I have several blocks, each having some integers in a shared memory array of size 512. How can I check if the array in every block contains a zero as an element?

What I am doing is creating an array that resides in the global memory. The size of this array depends on the number of blocks, and it is initialized to 0. Hence every block writes to a[blockid] = 1 if the shared memory array contains a zero.

My problem is when I have several threads in a single block writing at the same time. That is, if the array in the shared memory contains more than one zero, then several threads will write a[blockid] = 1. Would this generate any problem?

In other words, would it be a problem if 2 threads write the exact same value to the exact same array element in global memory?

4

4 Answers

23
votes

For a CUDA program, if multiple threads in a warp write to the same location then the location will be updated but it is undefined how many times the location is updated (i.e. how many actual writes occur in series) and it is undefined which thread will write last (i.e. which thread will win the race).

For devices of compute capability 2.x, if multiple threads in a warp write to the same address then only one thread will actually perform the write, which thread is undefined.

From the CUDA C Programming Guide section F.4.2:

If a non-atomic instruction executed by a warp writes to the same location in global memory for more than one of the threads of the warp, only one thread performs a write and which thread does it is undefined.

See also section 4.1 of the guide for more info.

In other words, if all threads writing to a given location write the same value, then it is safe.

14
votes

In the CUDA execution model, there are no guarantees that every simultaneous write from threads in the same block to the same global memory location will succeed. At least one write will work, but it isn't guaranteed by the programming model how many write transactions will occur, or in what order they will occur if more than one transaction is executed.

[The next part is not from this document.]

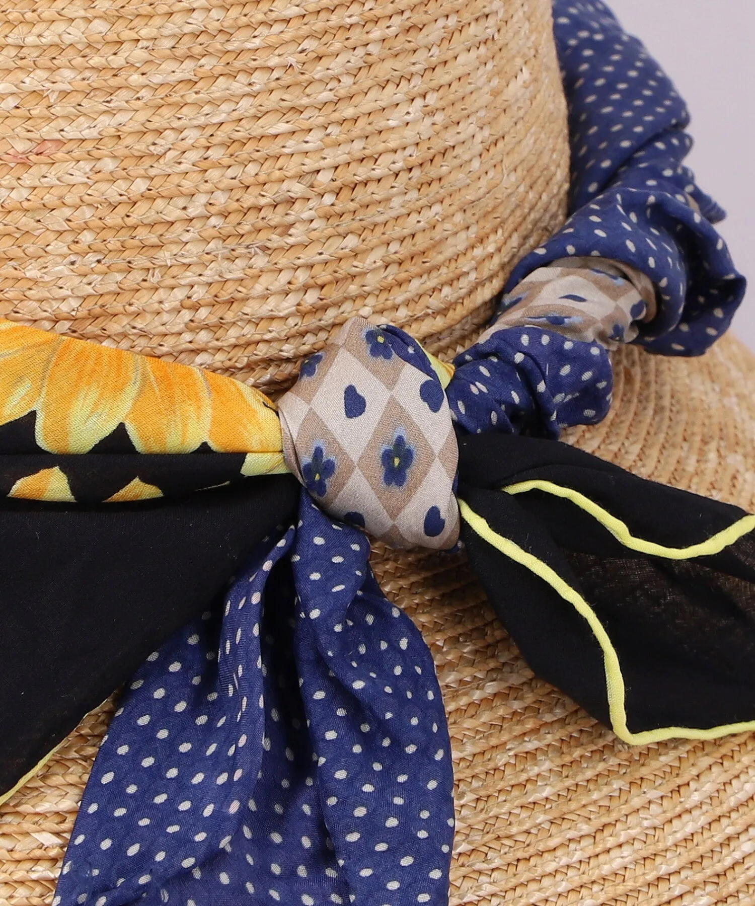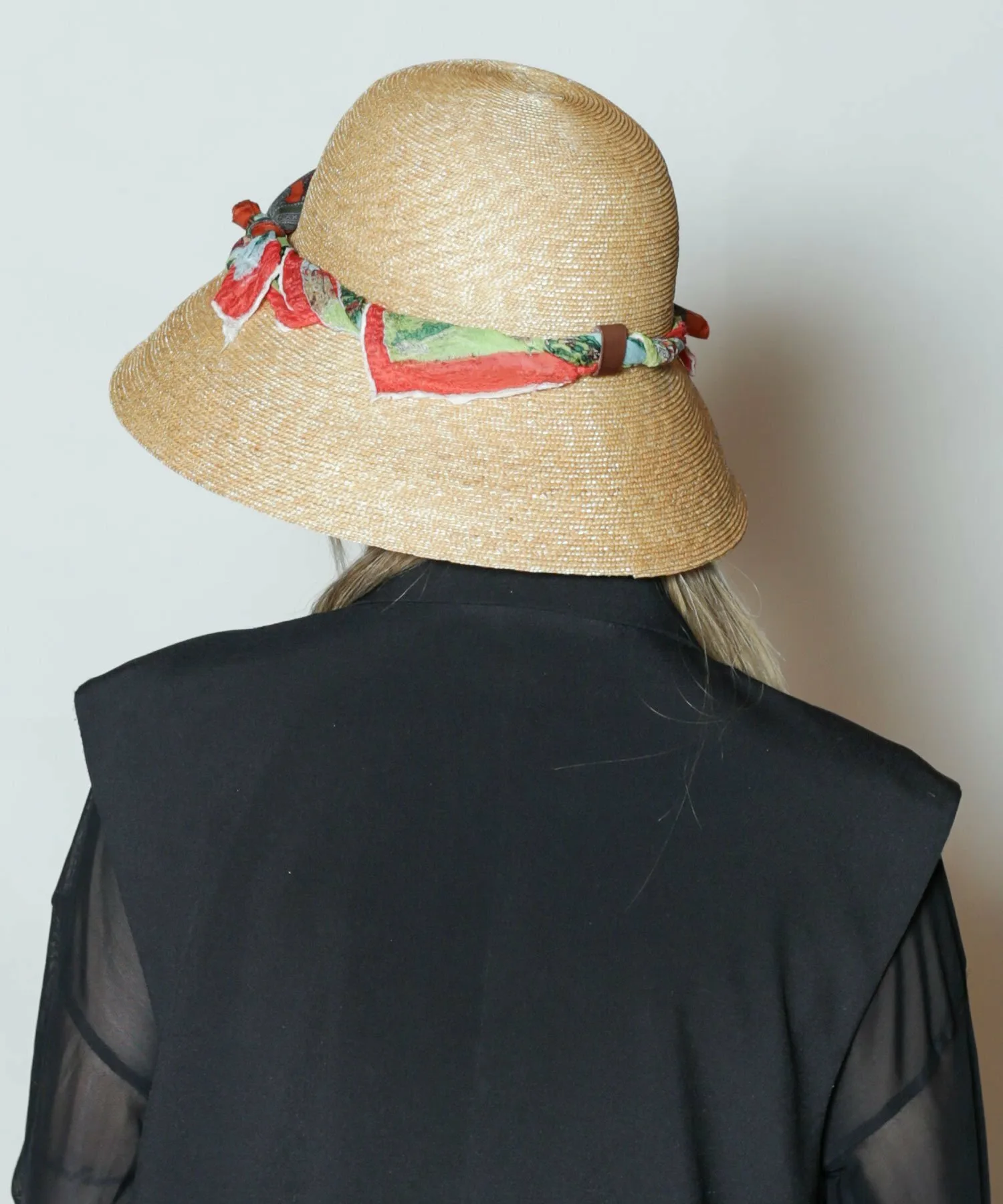 Простая широкополая шляпа, украшенная шарфом. Каждый шарф — уникальное изделие, позволяющее насладиться поистине неповторимым дизайном.

If this is a problem, then a better approach (from a correctness point of view), would be to have only one thread from each block do the global write. You can either use a shared memory flag set atomically or a reduction operation to determine whether the value should be set. Which you choose might depend on how many zeros there are likely to be. The more zeroes there are, the more attractive the reduction will be. CUDA includes warp level __any() and __all() operators which can be built into a very efficient boolean reduction in a few lines of code.

0
votes

Yes, it will be a problem called as Race Condition.
You should consider synchronizing access to the global data through process Semaphores

0
votes

While not a mutex or semaphore, CUDA does contain a synchronization primative you can utilize for serializing access to a given code segment or memory location. Through the __syncthreads() function, you can create a barrier so that any given thread blocks at the point of the command call until all the threads in a given block have executed the __syncthreads() command. That way you can hopefully serialize access to your memory location and avoid a situation where two threads need to write to the same memory location at the same time. The only warning is that all the threads have to at some point execute __syncthreads(), or else you will end up with a dead-lock situation. So don't place the call inside some conditional if-statement where some threads may never execute the command. If you do approach your problem like this, there will need to be some provision made for the threads that don't initially call __syncthreads() to call the function later in order to avoid deadlock.